Archaeological evidence suggests that Canna was settled before St Columba (or Colum Cille) is said to have visited the island during his exile in Scotland from AD 563-567 (though this is disputed by some). The original chapel was named after him as is the current one.
The first recorded Norse visitor was Guðmundr Arason, the Bishop-Elect of Holar whose ship en route from Iceland to Norway was blown off-course to the Hebrides on 14 July 1202 and sought shelter in a next to Sanday. There is evidence of what may have been a monastic site or hermitage, more recently known by the inhabitants as a nunnery. The Vikings ruled it for a time before it was transferred to Scottish Crown dependencies in 1266. In 1561 the leader of Clan Ranald, a branch of the Macdonalds, but the reformation and civil war led to it having various owners over the years. While owned by the MacNeills in 1851, the clearances were undertaken and the population census shows a drop in the population from 1841 to 1861. In 1881, the post-clearance population was recorded as 119 (62 of whom were on Sanday). In that year, MacNeil sold the island to Robert Thom, a Glasweigan shipbuilder. Thom carried out a programme of investment, including an oak pier, a footbridge to Sanday, and a Presbyterian Church (though the population remained mostly Roman Catholic).
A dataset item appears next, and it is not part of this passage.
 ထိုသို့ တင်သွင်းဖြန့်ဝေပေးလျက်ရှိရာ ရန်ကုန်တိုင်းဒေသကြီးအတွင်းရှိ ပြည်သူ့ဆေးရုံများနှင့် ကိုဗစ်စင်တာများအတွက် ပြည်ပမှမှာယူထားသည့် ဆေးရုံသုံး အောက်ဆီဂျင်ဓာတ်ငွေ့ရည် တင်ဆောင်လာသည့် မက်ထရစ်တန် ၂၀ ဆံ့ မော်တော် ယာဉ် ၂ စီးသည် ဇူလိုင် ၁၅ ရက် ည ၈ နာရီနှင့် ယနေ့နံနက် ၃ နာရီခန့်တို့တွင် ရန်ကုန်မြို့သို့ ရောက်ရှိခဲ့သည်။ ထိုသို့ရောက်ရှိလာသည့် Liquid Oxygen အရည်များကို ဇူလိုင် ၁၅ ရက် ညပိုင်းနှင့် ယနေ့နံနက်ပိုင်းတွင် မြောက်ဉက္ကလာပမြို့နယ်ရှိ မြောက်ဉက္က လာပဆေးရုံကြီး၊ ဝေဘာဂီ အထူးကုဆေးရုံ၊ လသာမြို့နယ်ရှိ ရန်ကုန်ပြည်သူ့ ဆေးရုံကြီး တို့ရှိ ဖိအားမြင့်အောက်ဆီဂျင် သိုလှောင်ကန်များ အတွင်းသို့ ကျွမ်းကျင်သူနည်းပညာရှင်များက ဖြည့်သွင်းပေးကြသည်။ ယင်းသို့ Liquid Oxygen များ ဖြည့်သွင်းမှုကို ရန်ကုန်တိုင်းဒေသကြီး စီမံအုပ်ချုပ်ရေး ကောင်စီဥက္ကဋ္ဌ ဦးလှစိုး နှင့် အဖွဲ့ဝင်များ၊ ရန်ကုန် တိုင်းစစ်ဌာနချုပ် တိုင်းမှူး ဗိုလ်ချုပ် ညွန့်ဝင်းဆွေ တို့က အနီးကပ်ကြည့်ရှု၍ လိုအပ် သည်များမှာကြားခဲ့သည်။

The large church is now a hostel and study centre on Sanday
and a the small Church of Scotland is now on Canna, completed in 1914. The shape of it’s tower has lead to it being called the ‘rocket church’.
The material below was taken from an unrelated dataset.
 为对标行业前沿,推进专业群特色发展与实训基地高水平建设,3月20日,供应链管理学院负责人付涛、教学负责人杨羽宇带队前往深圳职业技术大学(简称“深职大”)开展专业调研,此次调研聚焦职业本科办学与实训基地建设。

In 1889, counties were formally created in Scotland, on shrieval boundaries, by a Local Government Act; Canna became part of the new county of Argyll. However, the Act established a boundary review, which decided, in 1891, to move Canna to the county of Inverness, where Eigg was already. In 1938, Thom’s family sold Canna to John Lorne Campbell, who organised the island as a farm and nature reserve. Campbell lived there until his death in 1996, but donated the island to the National Trust for Scotland in 1981. In the 1970s, local government reforms abolished counties and moved Canna into Highland Region.
There was only a short time to wander along the Shore Road as far as the bridge and no time to climb the hill for a wider view.
In the afternoon we had to be back on the boat to cross the Minch and anchor in the Sound of Harris. Leaving the harbour, we noticed graffiti on the cliffs. This used to be boat names but more recently has been added to by day trippers. Later, we passed the Duirinish Peninsula on Skye with the Neist Lighthouse.
The Minch was not too rough and we were soon in the shelter of the Sound of Harris where the water was calmer. There are several small islands there and rocks with cormorants and shags. A seal popped up several times while we were having our evening meal and another was posturing on a rock nearby. We had an early night as the next morning would be an early start.